- Born: 27 August 2005 (age 21) Zhejiang, China

Gymnastics career
- Discipline: Rhythmic gymnastics
- Country represented: China (2025-)
- Head coach: Sun Dan
- Assistant coach: Anastasia Bliznyuk
- Medal record
Rhythmic Gymnastics
Representing China
| Event | 1st | 2nd | 3rd |
| World Championships | 1 | 1 | 2 |
| FIG World Cup | 7 | 3 | 2 |
| Total | 8 | 4 | 4 |
World Championships
| Gold medal – first place | 2025 Rio de Janeiro | 5 Ribbons |
| Silver medal – second place | 2026 Frankfurt | 5 Balls |
| Bronze medal – third place | 2025 Rio de Janeiro | 3 Balls + 2 Hoops |
| Bronze medal – third place | 2026 Frankfurt | Team |
Asian Championships
| Gold medal – first place | 2026 Bishkek | 5 Balls |
| Gold medal – first place | 2026 Bishkek | 3 Hoops + 4 Clubs |
| Silver medal – second place | 2026 Bishkek | Group All-Around |
| Bronze medal – third place | 2026 Bishkek | Team |

= Liu Miaoting =

Chinese rhythmic gymnast (born 2005)

Liu Miaoting (刘妙婷; born 27 August 2005) is a Chinese rhythmic gymnast.

==Career==
Mioating turned senior in 2021. Later that year, she represented Shanghai at the 14th National Games of China in Shaanxi, China, where the Shanghai rhythmic gymnastics group placed fourth in the group all-around final.

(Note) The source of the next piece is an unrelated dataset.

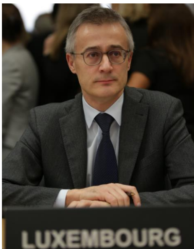
Félix Braz, ministre de la Justice

Le ministre de la Justice, Félix Braz, a participé le 16 mars 2016 auprès de l'OCDE à Paris à une réunion ministérielle sur la lutte contre la corruption. Cette réunion a regroupé les ministres de la justice des États signataires de la convention de l'OCDE sur la lutte contre la corruption qui établit des normes juridiquement contraignantes tendant à ériger en infraction pénale la corruption d'agents publics étrangers dans les transactions commerciales internationales. Elle prévoit également un certain nombre de mesures permettant une mise en œuvre efficace de ces dispositions dont notamment un processus d'évaluation des pays signataires.

Liu was a captain of reserve senior group until 2025, when she integrated in the main senior group (consisting of herself, Wang Lanjing, Ding Xinyi, Pu Yanzhu and Zhang Xinyi) at the World Cup in Baku, winning silver medal in all-around and mixed apparatus and gold in 5 ribbons. On April 25–27, they won bronze medal in all-around at Tashkent World Cup. They also won gold in 5 ribbons and silver in 3 balls + 2 hoops finals. On July 18–20, they won bronze in all-around and gold in 3 balls + 2 hoops at Milan World Cup. In late August, she was selected to represent China alongside Ding Xinyi, Pu Yanzhu, Wang Lanjing, Zhang Xinyi and Zhao Wanzhu at the 2025 World Championships in Rio de Janeiro, Brazil, where they took 4th place in group all-around. They won gold medal in 5 ribbons and bronze in 3 balls + 2 hoops final.

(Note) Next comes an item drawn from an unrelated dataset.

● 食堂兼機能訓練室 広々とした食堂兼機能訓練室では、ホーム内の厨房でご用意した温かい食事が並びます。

In 2026, Miaoting and her teammates (Pu Yanzhu, Zhao Wanzhu, Zhang Xinyi, Ding Xinyi, Wang Lanjing) started competition season in late March at Sofia World Cup. They took 4th place in all-around and won gold in 5 Balls final. On April 10-12, they won gold medal in all-around at Tashkent World Cup. They also won gold medals in both apparatus finals.